This makes sense now,WHAT WE DESIRE MOST,when I was a drug addict I had absolutely no free will,I had absolutely no control over my actions,now that I am a christian,my desire is bible and theology,if god is in total control then we cannot have a free will otherwise his control cannot be total but partial.If he made the beginning and the end and knows everything in between and (IF) he is in total control we cannot have a free will that is an impossible concept.Otherwise his control cannot be total but partial.I just looked up will in the strongs it means desire.I dont think we have a freewill


----------



## nonconformist (May 28, 2005)

> _Originally posted by Draught Horse_
> 
> 
> > _Originally posted by VirginiaHuguenot_
> ...


No kidding,Rushdoony has been the biggest influance on my christianity.When God led me to his ministry and book (The institutes of biblical law) I realized it was published on my date of birth 1973.When he died in the year 2001 it was on the exact day feb 8 of my birthday.Coincidence or is god truely in control.If rushdoony said that about the book I have got to get it immediately.FREEWILLsorry I think not


----------



## nonconformist (May 28, 2005)

this has bean a great post


----------



## nonconformist (May 29, 2005)

I suppose it would be more accurate to say we have freedom,instead of free will


----------



## Texas Aggie (May 29, 2005)

Not sure if there is a such thing as "free" will. You either do the will of your father who is the devil or you align your will to the will of God. Either way, your will is by no means "free."

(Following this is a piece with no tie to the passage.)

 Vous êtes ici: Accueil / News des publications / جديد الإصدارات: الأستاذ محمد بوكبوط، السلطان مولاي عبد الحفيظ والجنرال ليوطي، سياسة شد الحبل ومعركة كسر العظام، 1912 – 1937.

Your will is involved with obedience to God's law once you become a partaker of the New Covenant. Just as Adam had a will to choose, so do you.

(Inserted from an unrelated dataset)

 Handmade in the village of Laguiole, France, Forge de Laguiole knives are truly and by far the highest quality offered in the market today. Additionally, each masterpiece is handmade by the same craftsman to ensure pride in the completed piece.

The unregenerate "can" not (John 6:44) and "will" not (John 5:40) come to know God. They are physically and mentally incapable of accepting God. Their "will" is aligned with the will of the devil (enslaved, not free).

The believer's will is circumcised to conform to the will of God which is obedience to His law. Still, your will is not free.


----------



## nonconformist (May 31, 2005)

> _Originally posted by Texas Aggie_
> Not sure if there is a such thing as "free" will. You either do the will of your father who is the devil or you align your will to the will of God. Either way, your will is by no means "free."
> 
> Your will is involved with obedience to God's law once you become a partaker of the New Covenant. Just as Adam had a will to choose, so do you.
> ...


Great answer,that is what I wanted to hear.


----------



## Rich Barcellos (May 31, 2005)

I believe in "free will" according to the Confession (WCF IX). Man can and does always choose (freely) according to the inclination of his heart.


----------



## WrittenFromUtopia (May 31, 2005)

Our will can only choose what our heart is inclined towards.

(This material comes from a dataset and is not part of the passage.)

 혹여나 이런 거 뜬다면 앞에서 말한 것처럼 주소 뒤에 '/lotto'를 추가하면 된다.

> The Lord saw that the wickedness of man was great in the earth, and that every intention of the thoughts of his heart was only evil continually. (Gen 6:5)
> 
> And when the Lord smelled the pleasing aroma, the Lord said in his heart, "œI will never again curse the ground because of man, for the intention of man's heart is evil from his youth. Neither will I ever again strike down every living creature as I have done." (Gen 8:21)
> 
> But what comes out of the mouth proceeds from the heart, and this defiles a person. For out of the heart come evil thoughts, murder, adultery, sexual immorality, theft, false witness, slander. (Matthew 15:18-19)



[Edited on 5-31-2005 by WrittenFromUtopia]


----------



## Texas Aggie (May 31, 2005)

Man has free agency but not free will. You have confines... laws to which you are subject to on both sides of the fence. Your only choice as a believer is to obey or disobey the law of God. Choice... yes. Free... no.

Under the New Covenant, you undergo a heart transplant by God Himself. He removes your heart of stone and gives you a new heart of flesh. He provides a heart to know Him. In addition, He writes His law in your heart and in your mind. He provides His Spirit also. Why?... so that the Spirit will lead you in the path of righteousness. A regenerate heart loves the law and applies the Spirit; however, your will is still present to choose disobedience.

If your heart is not inclined towards righteousness... you may need to check what manner of spirit is working within. It may not be God's.


----------



## WrittenFromUtopia (May 31, 2005)

Well, David - a regenerate person - still had to pray to the Lord to incline his heart to righteous things and away from evil. We should never be so sure of ourselves, even as believers, b/c we always need God's power and strength to keep us in line with His ways.


----------



## Texas Aggie (May 31, 2005)

This is part of your renewing day-by-day. Prayer, I believe, is also a form of worship... something God expects of His people. A continual sprinkling is also a provision of the New Covenant as Christ is our High Priest at the Throne. Prayer, confession & repentance allow you to draw near to God. Prayer is a responsibility you have as high priest over your body which is the temple of the Living God.

King David had a means of Grace. Hindsight is 20/20 for you and now, as a partaker of the New Covenant, I'm not sure we have much of an excuse for willful & continuous disobedience to the law. You have the law in your heart as well as His Spirit (the equipment to obey the law).

Under the New Covenant, you have the Spirit and the law. This is a wonderful provision. You have God's power if you have His Spirit. On the flip side, you also have a will to choose contrary to the Spirit.


----------